| What this task involves |
Your task is to transcribe exactly, and only, the lines running from the one with "如图1- 11所示,凯乐科技(600260) 在2009年12月23日出现曙光初现图形之后,股价走出了一波上涨的行情。" to the end of the listing below, inclusive, with every picture left out.

| Supplied material |
____________

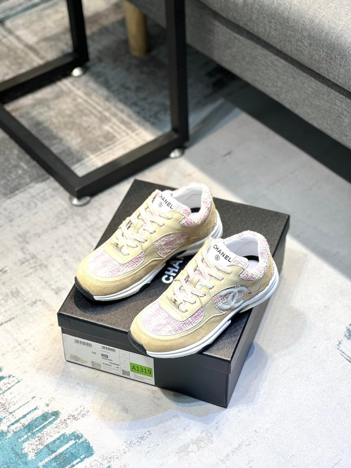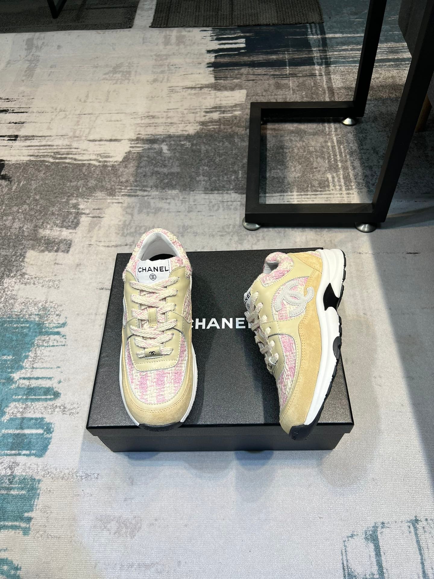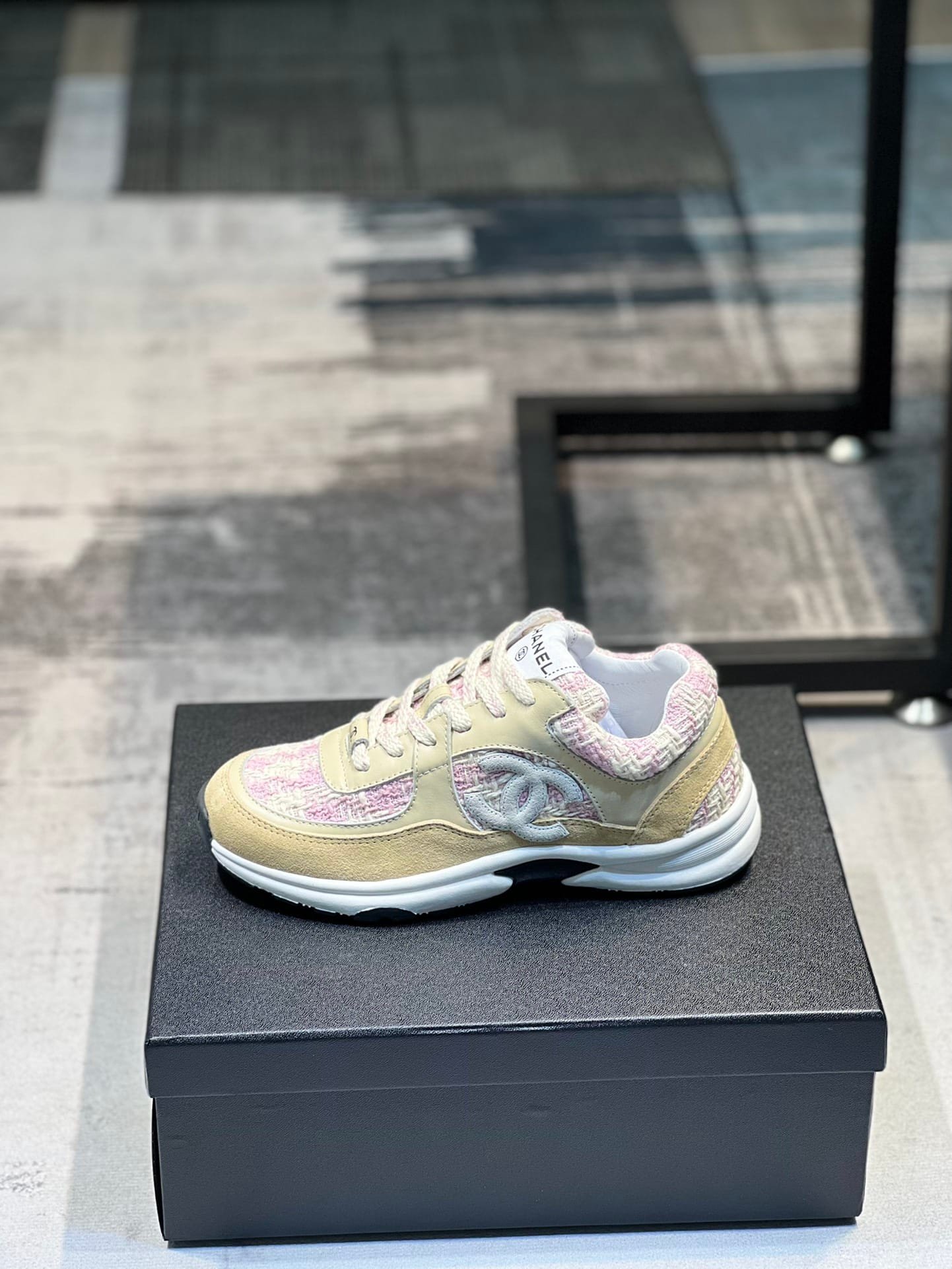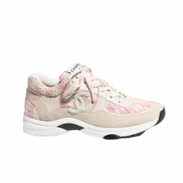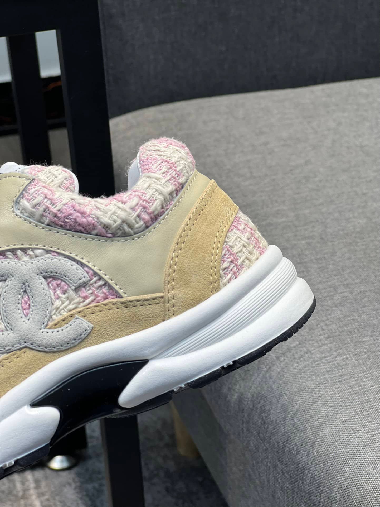 Chanel Coton Tweed Suede Calfskin Sneakers Pink G38299 Y56627 K6020
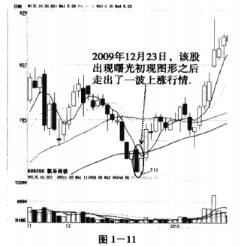 如图1- 11所示,凯乐科技(600260) 在2009年12月23日出现曙光初现图形之后,股价走出了一波上涨的行情。
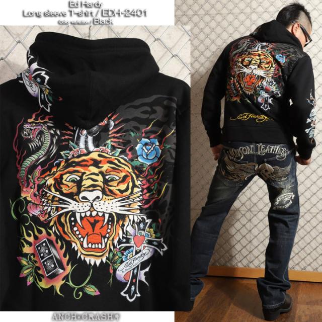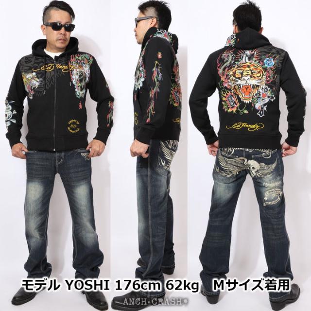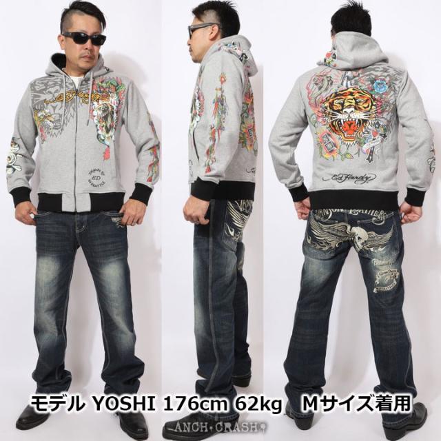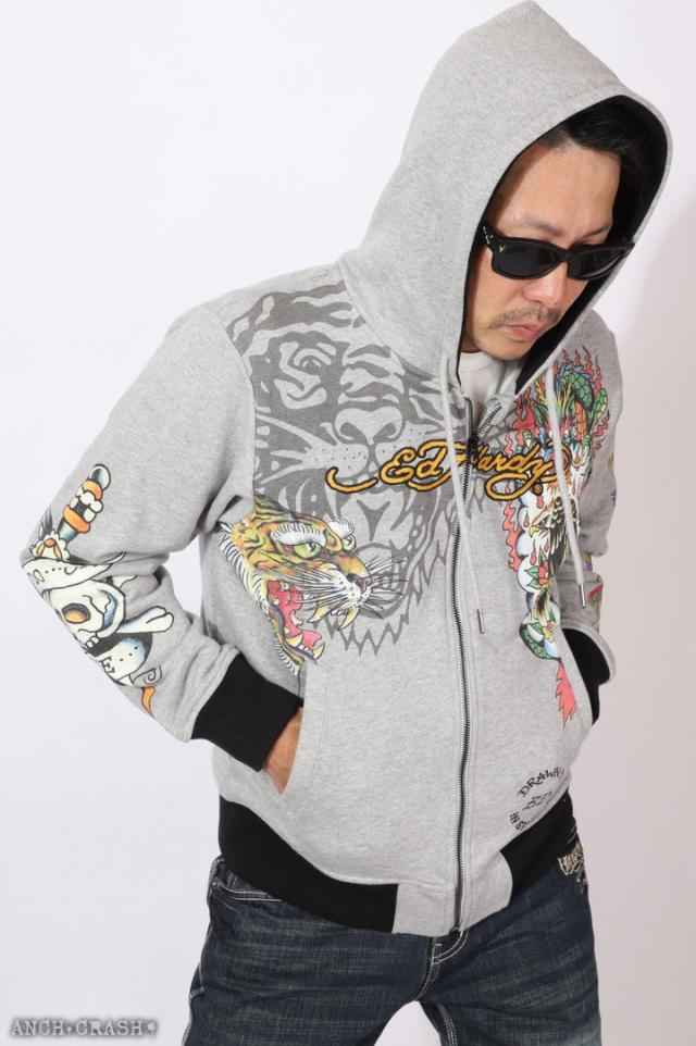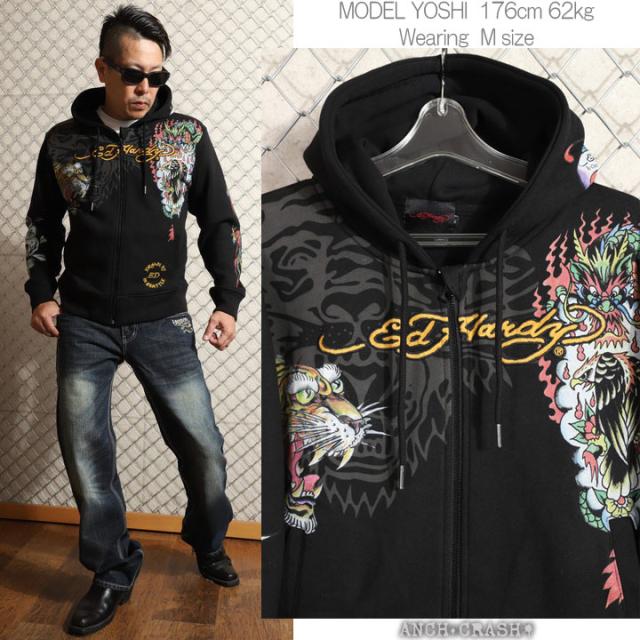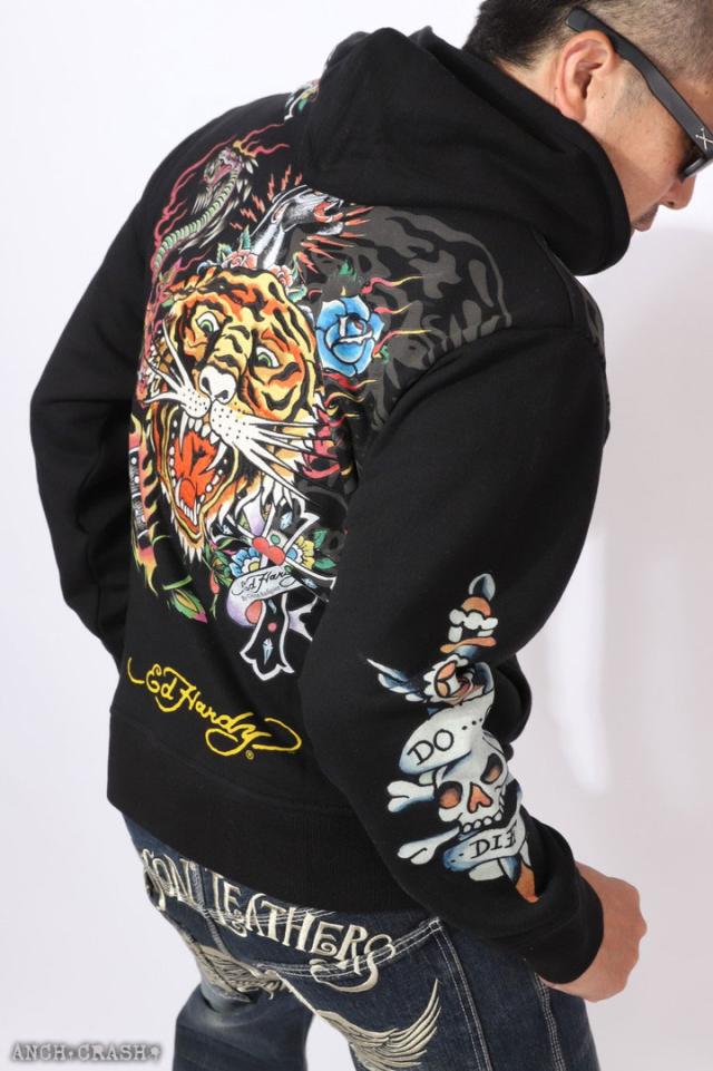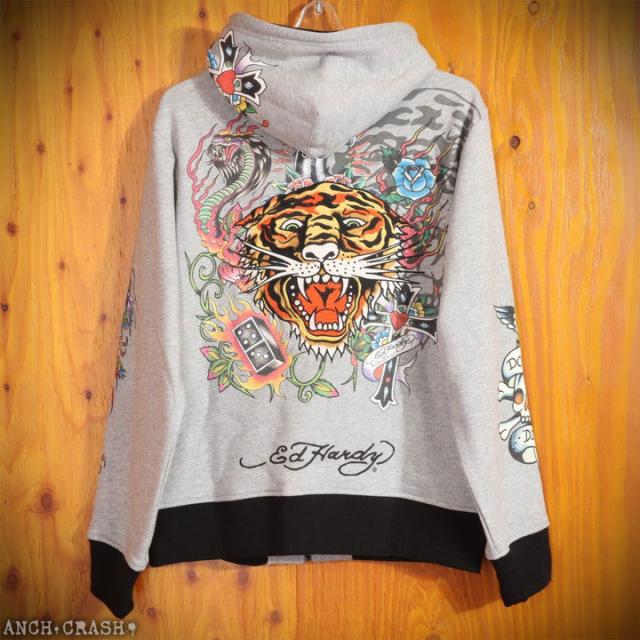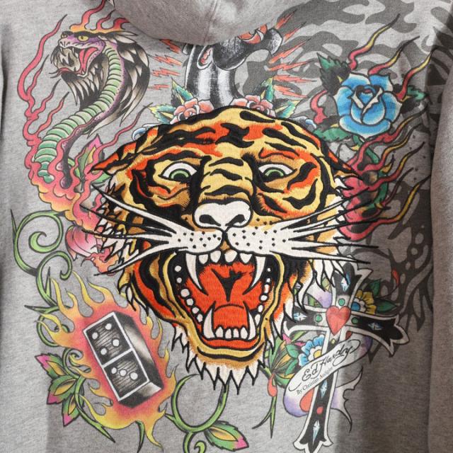 Mサイズのみラスト1点もってけ価格!在庫限りセール SALE 30%off Ed Hardy エドハーディー フルZIPパーカー (EDH-2406)【送料無料】裏毛 刺繍 インクジェット ご奉仕品の為返品交換不可
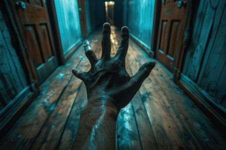 A hand, shrouded in darkness, extends from the shadows of a hallway, seeking connection.

____________

| Result below |
 如图1- 11所示,凯乐科技(600260) 在2009年12月23日出现曙光初现图形之后,股价走出了一波上涨的行情。
 Mサイズのみラスト1点もってけ価格!在庫限りセール SALE 30%off Ed Hardy エドハーディー フルZIPパーカー (EDH-2406)【送料無料】裏毛 刺繍 インクジェット ご奉仕品の為返品交換不可
 A hand, shrouded in darkness, extends from the shadows of a hallway, seeking connection.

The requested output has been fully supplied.